Sluggish sales and rising interest rates have led experts to downgrade their year-end price forecast for Canada’s housing markets.

According to the latest Royal Lepage House Price Survey, the aggregate price of a home in Canada hit $802,900 in Q3 2023, an annual increase of 3.6%. On a quarterly basis though, the price dipped by 0.8%.


Broken down by housing type, the national median price of a single-family detached home rose 3.4% year over year to $833,600, while the median price of a condominium increased 3.8% annually to $587,400. The prices fell 1.0% and 0.1%, respectively, from Q2.

The third-quarter price declines follow a pair of summertime interest rate hikes, which brought the Bank of Canada’s overnight rate to 5%. The BoC held steady in September, but economists are divided over whether there will be another hike on October 25.

On a local level, the Greater Toronto Area and Greater Vancouver saw the largest quarterly price declines, with the aggregate price of a home in the former falling 2.8% to $1,147,400 and dipping 1.8% to $1,251,900 in the latter. Prices declined 1.7% in Regina, to $368,700.

Meanwhile, prices in Calgary rose 1.6% from Q2 to Q3, and now sit at $653,700. The Greater Montreal Area saw a modest 0.6% increase to $575,400, as did Halifax, where prices jumped 0.7% to $498,900.

Alongside falling prices, the majority of the markets included in Royal LePage’s report experienced a slowdown in activity during the third quarter. As such, the real estate company has downgraded its national year-end price forecast.

"With activity slowing, home prices softened in some of our major markets over the last three months, following a stronger-than-expected second quarter. Prices remain up on a year-over-year basis, with today’s stable market standing in sharp contrast to the steep declines experienced in the third quarter of 2022," said Phil Soper, President and CEO of Royal LePage.

"While trading volumes in most regions remain sluggish, Canada’s housing market is on solid footing, with pent-up demand building. We don’t anticipate a material change in property prices through the remainder of the year."

Royal LePage now expects that the aggregate price of a home in Canada will increase 7% in Q4 compared to the same period a year ago. Previously, the forecast called for an 8.5% annual increase.

Several cities have seen their price forecast revised downward, including Toronto, to 9%, and Edmonton, to 3%. Again bucking the national trend, Calgary’s price forecast has been upgraded to 9.5%.

Soper commended the federal government's decision to remove GST on new rentals as a "step in the right direction" in the effort to improve housing affordability, but cautioned that Canada's growing population and dwindling housing supply will continue to weigh on the issue.
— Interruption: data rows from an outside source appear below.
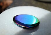 レインボーオーラオブシディアンはオブシディアンにオーラ加工を施したものです。ブラックアクアオーラとも呼ばれます。オブシディアンに真空蒸着処理という特殊な加工技術で、金やチタンなどの合金を蒸着させてあります。これにより、ビスマスの結晶のような虹色の輝きが現れます。さらに、チタンは、オブシディアンであるブラック ベルベットに保護要素をもたらします。
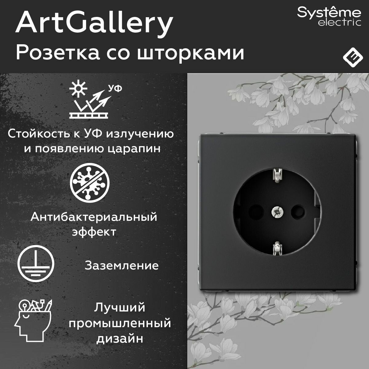 СохранитьРозетка с заземлением Systeme Electric ArtGallery, с защитными шторками, на винтах, карбон интересное:
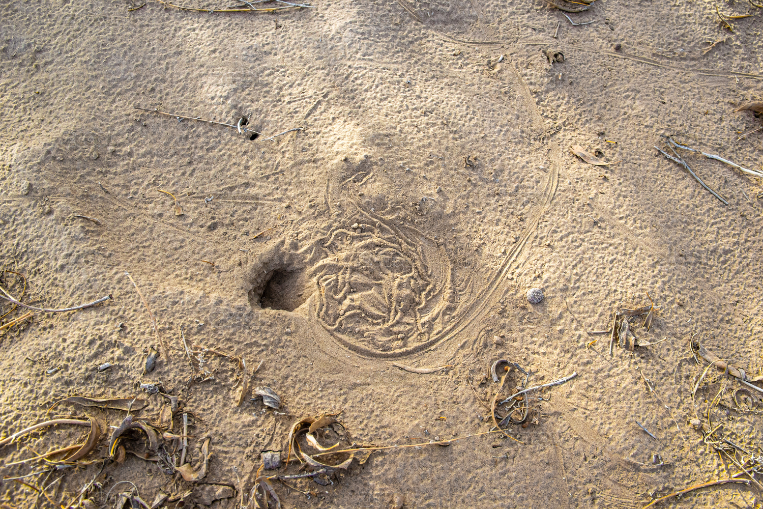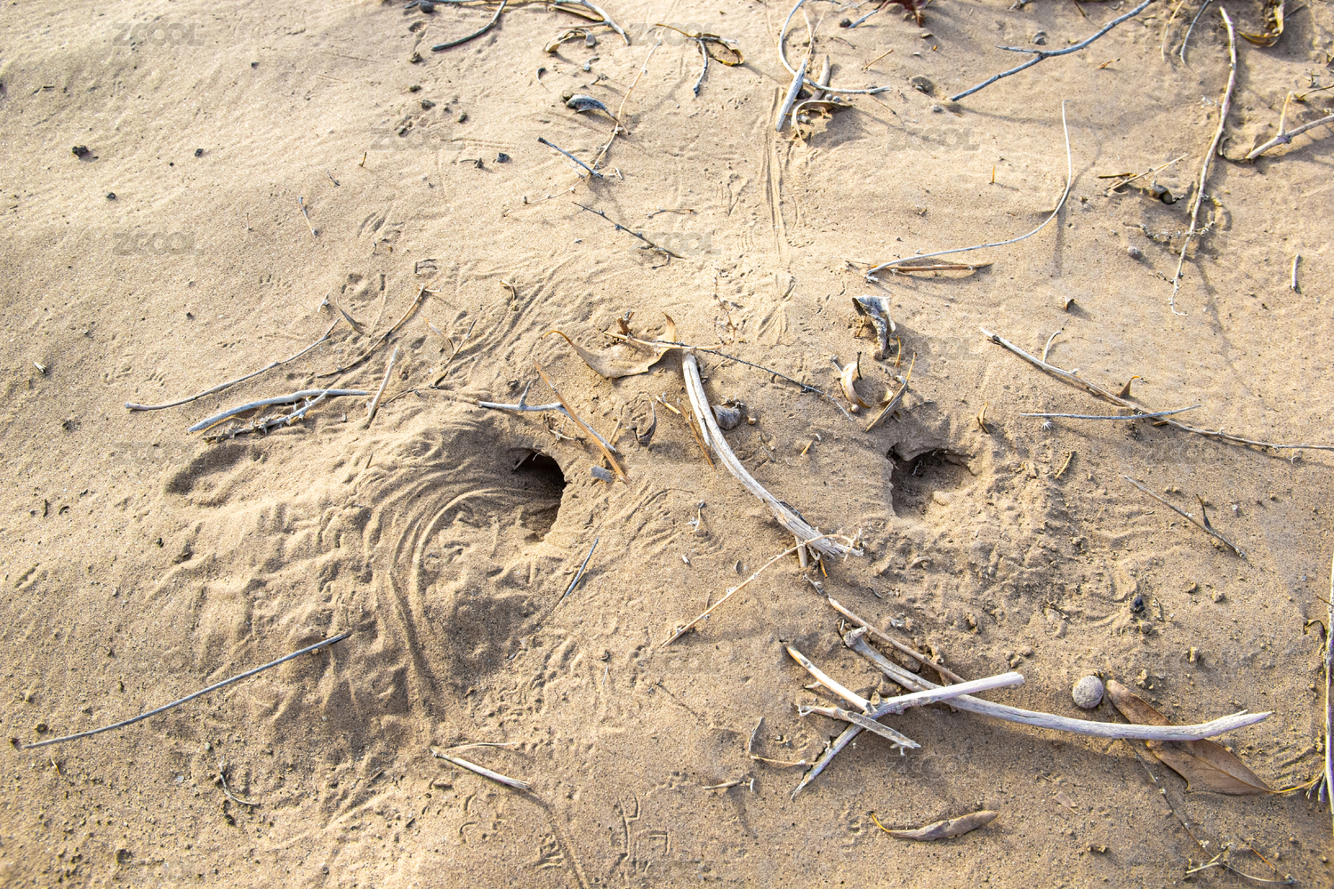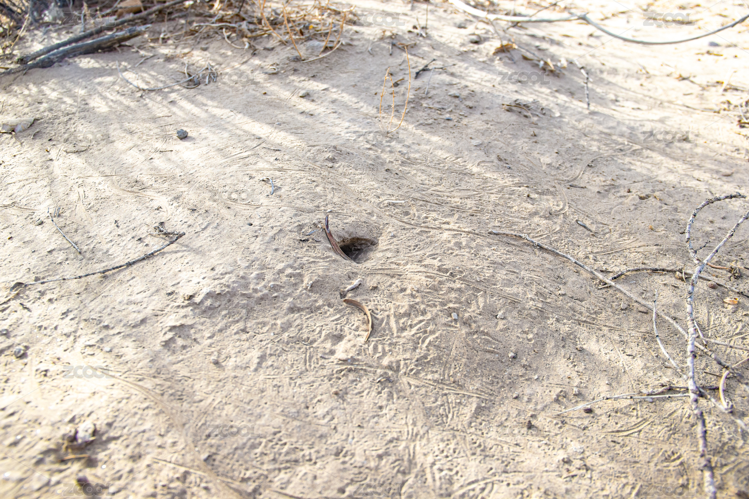 中國(guó)新疆塔克拉瑪干沙漠中沙地上的蜥蜴洞穴
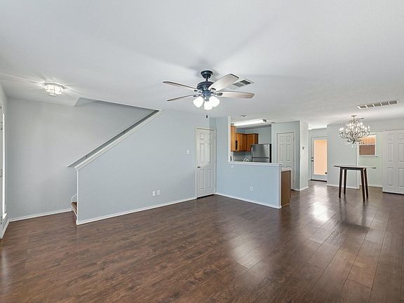This lovely 2-story home is located in the desirable 78744 area of Austin. As you approach the property, you'll notice a sizeable front yard with exterior steps that guide you to a cozy front porch, perfect for relaxing and taking in the surroundings. Upon entering, you'll appreciate the open and functional layout, which features high ceilings and abundant natural light throughout. The living room is equipped with a ceiling fan and offers serene street views, seamlessly integrating into the dining and kitchen areas. The dining space is conveniently open to the kitchen and is highlighted by a charming overhead light fixture that brightens the area. The kitchen is well-appointed with ample cabinet and countertop space, a convenient bar, and a pantry to help keep you organized. A half bathroom is also located on the main floor, adding to the convenience of the home's layout. The upstairs area features three bedrooms, including a primary bedroom with a ceiling fan, a walk-in closet, and an en-suite bathroom. The en-suite bathroom boasts a window, a bathtub/shower combo, and sleek tile flooring. The two secondary bedrooms also feature ceiling fans and walk-in closets, providing ample storage and comfort. The fully fenced backyard is great for outdoor entertaining, with patio space and a clean walkway that leads to a detached 2-car garage. This outdoor space offers a serene atmosphere, ideal for relaxation or spending time with family and friends. This home is conveniently located near shops, restaurants, and Highway 35, making it an excellent choice for those looking for a balance of tranquility and accessibility.
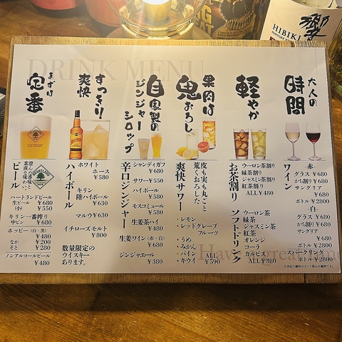 | ハイボール | ホワイトホースハイボール コークハイボール レモンハイボール |
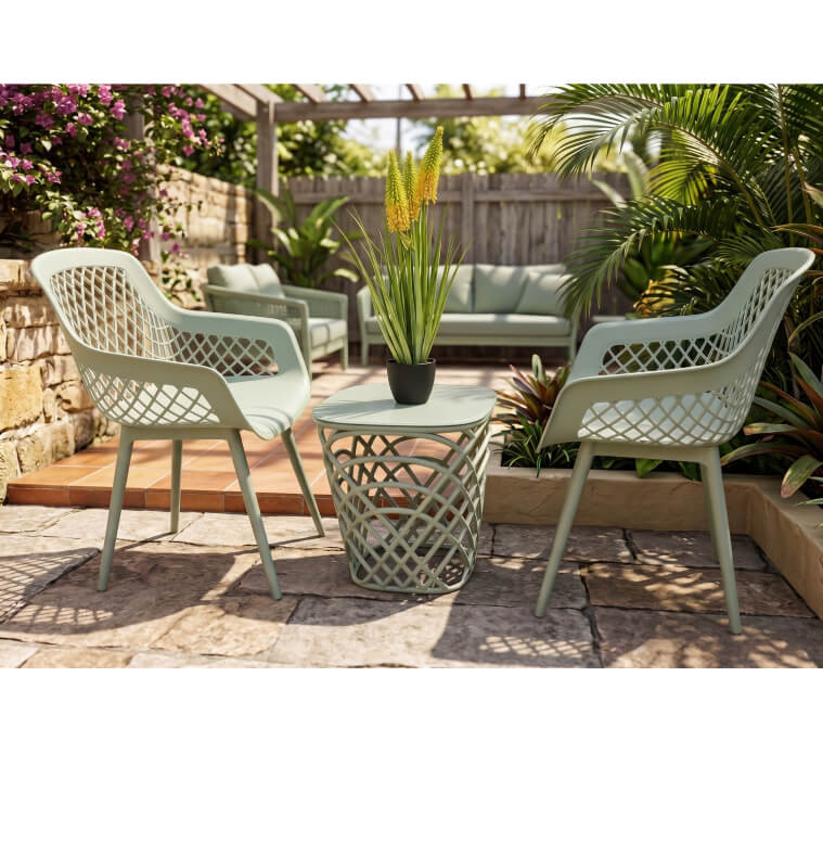 Conçu en polypropylène (PP) traité anti-UV, cet ensemble est résistant aux conditions extérieures et facile à entretenir. Les chaises au design ajouré offrent une assise confortable, tandis que la table d’appoint est idéale pour vos boissons ou petits objets du quotidien.
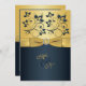Gold, Navy Floral Monogram Wedding Invitation

"Slower activity has allowed critically low inventory levels to build marginally in many regions, yet the quantity of homes available for sale in this country remains well below the level needed to keep a lid on property price increases," Soper said.

"We anticipate the growth of households to far outpace the current rate of new home construction. The housing challenge is complex. A large number of young Canadians are looking to purchase or rent their first home, the number of people per new household is smaller than a generation ago, and baby boomers are living to a greater age and choosing to stay in their homes longer. Retirements are growing and there aren’t enough young people to take over, so we need to welcome immigrants at a record rate. New Canadians need housing too, of course."

"Once interest rates begin to ease, even by only a small amount, we expect buyers will return to the market in large numbers and the relentless upward march of home prices will begin again. At its root, housing supply remains out of step with the growing need for it."